I shop around each time for oil, electricity etc. The only one I don't like to change is my Internet Service Provider. This is because the TalkTalk email address I have with them is logged with so many utility companies and friends etc that I worry about missing a vital email if I omit to change it over. I do have a Yahoo account but hate it. Mobile is with TalkTalk too.


----------



## listerdiesel (Aug 3, 2012)

Definitely keep them separate!

I use an email address that I've had for 20+ years now, but I don't use the address issued by BT with out line and broadband, that way I am independent of changes.

Also have an email address with Gmail.

Gas and electric are not big bills normally, so not worth worrying about.

Far more is spent on broadband and getting the Mercedes converted! 

Peter


----------



## Stanner (Aug 17, 2006)

patp said:


> The only one I don't like to change is my Internet Service Provider. This is because the TalkTalk email address I have with them is logged with so many utility companies and friends etc that I worry about missing a vital email if I omit to change it over.


Keeping that address working should not be a problem, I have a very old email address from an ISP I used almost 20 years ago that is now part of TalkTalk and it still works even though I now use EE/Orange. I don't think TalkTalk (and all it's predecessor parts) are as hard as the likes of BT and Virgin in cutting off email addresses.

Orange are also lenient on allowing continued use of old ISP email addresses, I have a very old Freeserve address that still works and still worked when I wasn't with Freeserve/Orange/EE.


----------



## GMLS (Dec 2, 2010)

For the best deal, keep them separate, do the leg work, haggle, keep flexible so that you are free to move around as and when a better deal comes your way. They make millions on our inertia and laziness. It's so easy to move these days and there are little or no benefits for being loyal.
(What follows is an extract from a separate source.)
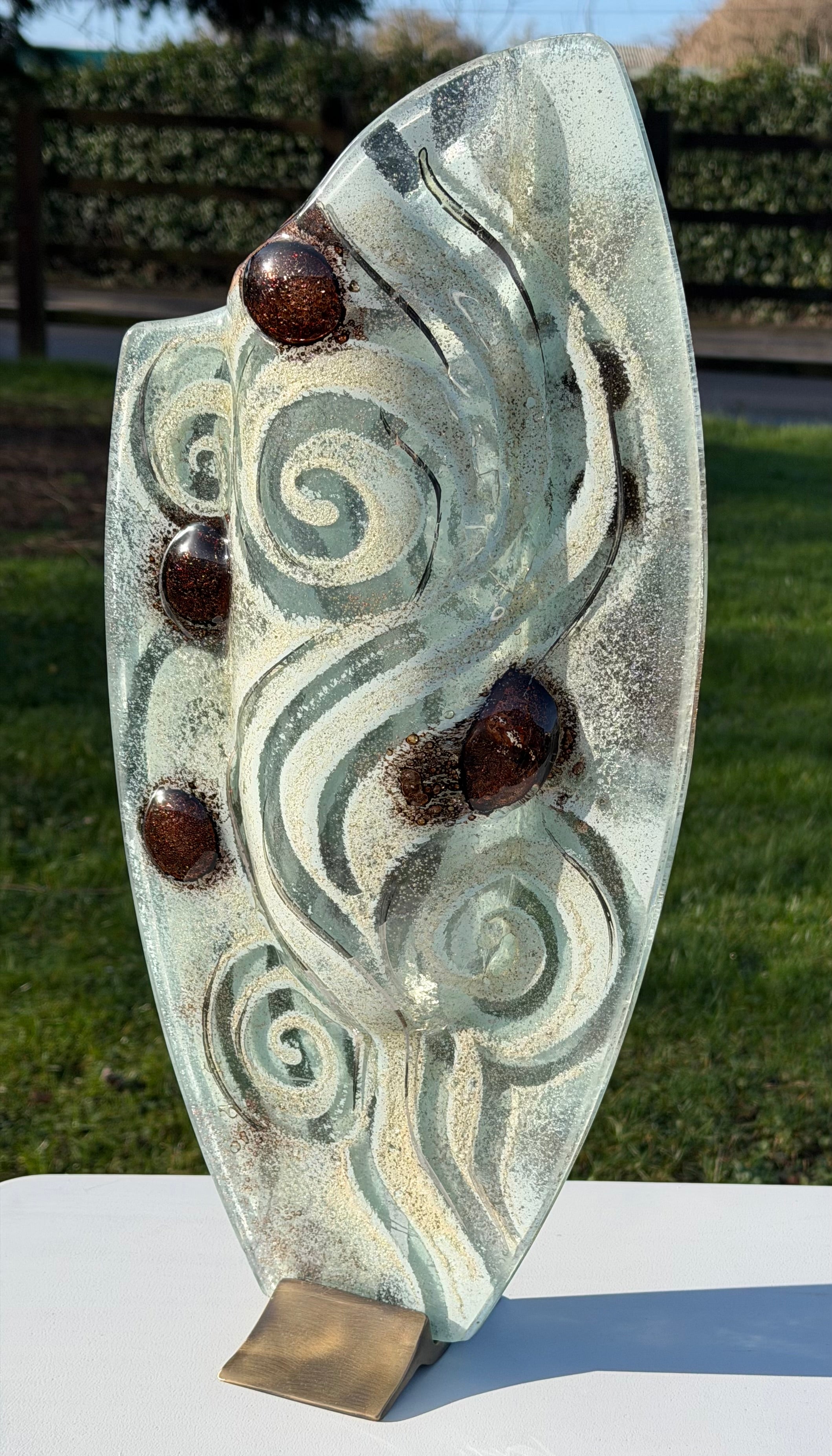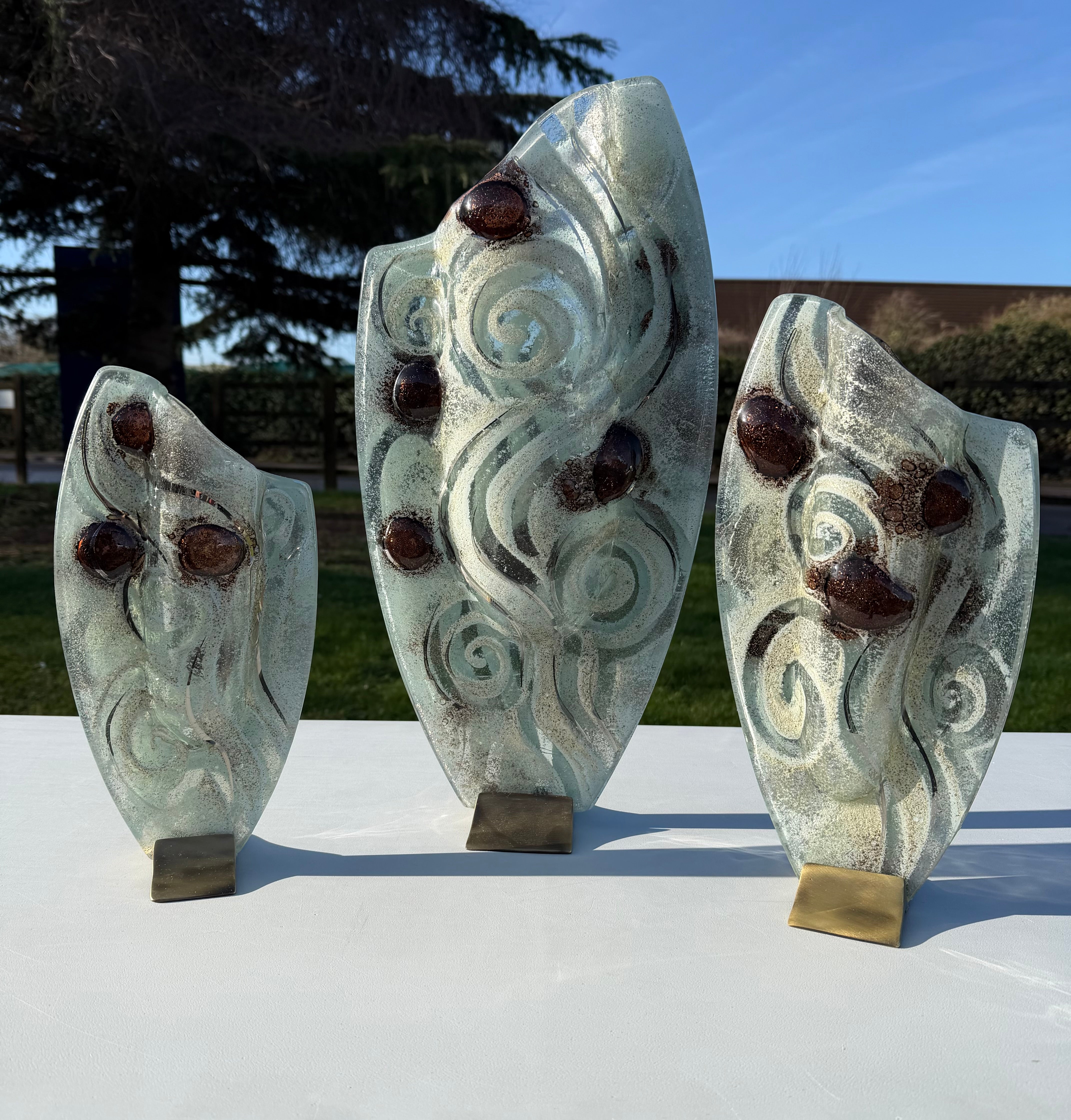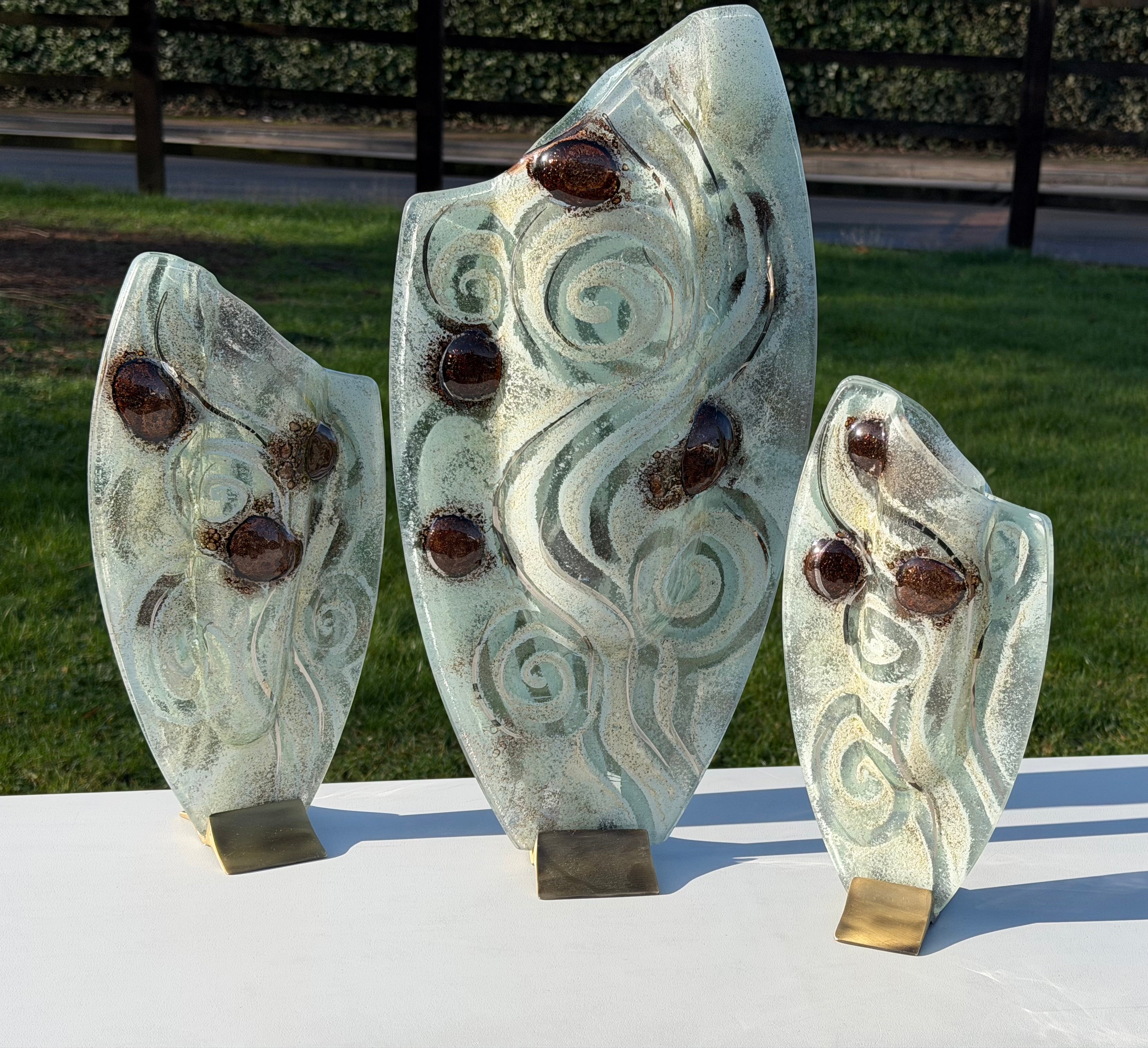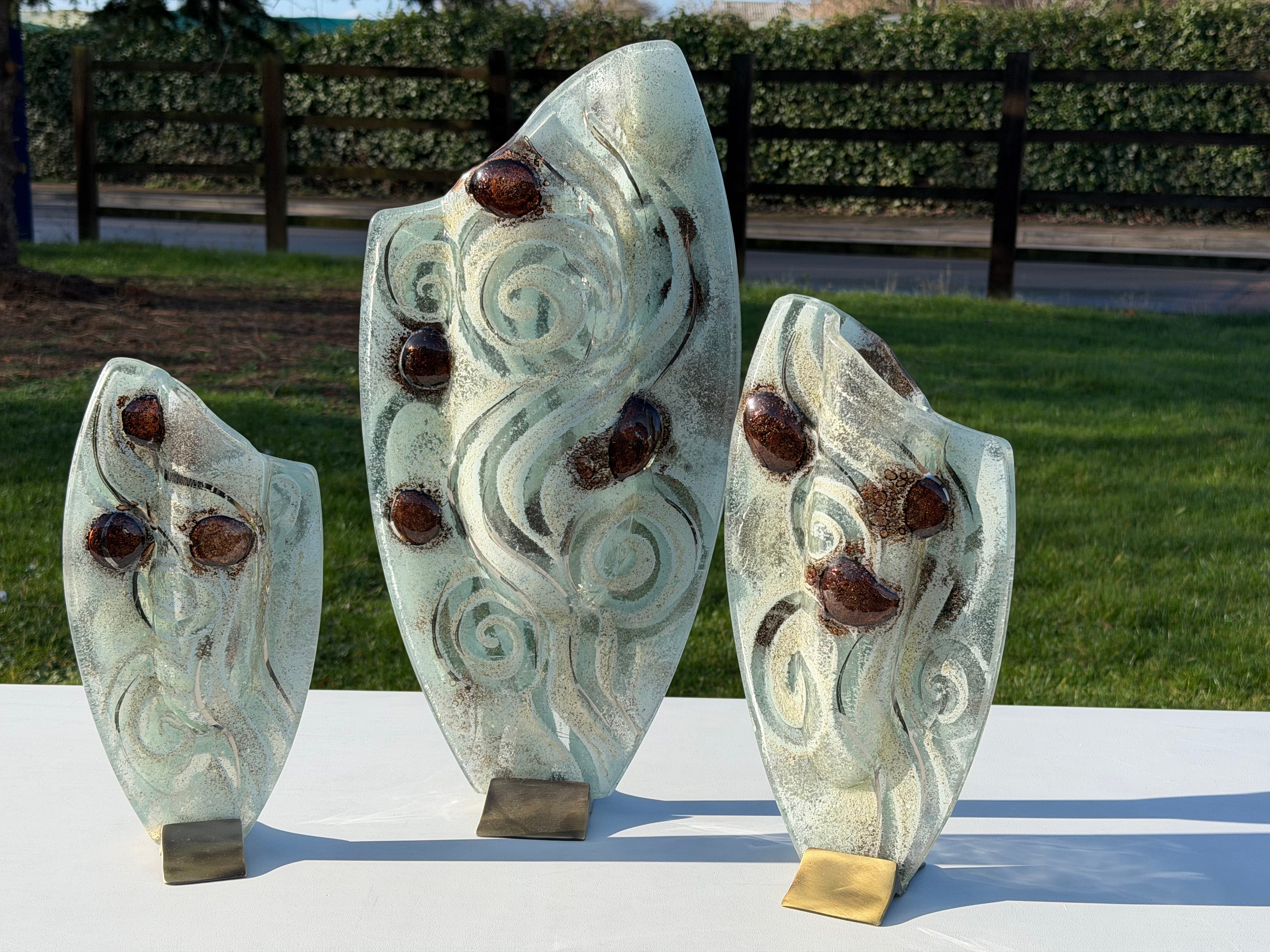 These beautiful vases are part of our Crystal collection. A distinctive clear glass base, infused with elements of silver, white, gold and platinum - along with stunning glistening brown ‘eyes’. All giving a sophisticated finish to the overall aesthetic of these beautiful ornaments.

Every year I review all my utilities and insurances policies and rarely stay put.

Now, job for the weekend is to review by Mrs' performance over the last year and set her some new KPI's for this! lol


----------



## KeithChesterfield (Mar 12, 2010)

*Thanks for your helpful replies.*

*When the time gets close to us moving, another week has just passed of apparently complete inactivity by the Solicitors, I'll try and wade through some offers online and hopefully get a bargain or two.*

*If the treacle gets too sticky I'll rejoin UW but at least I'll try to get some decent deals.*

*Thanks again.*


----------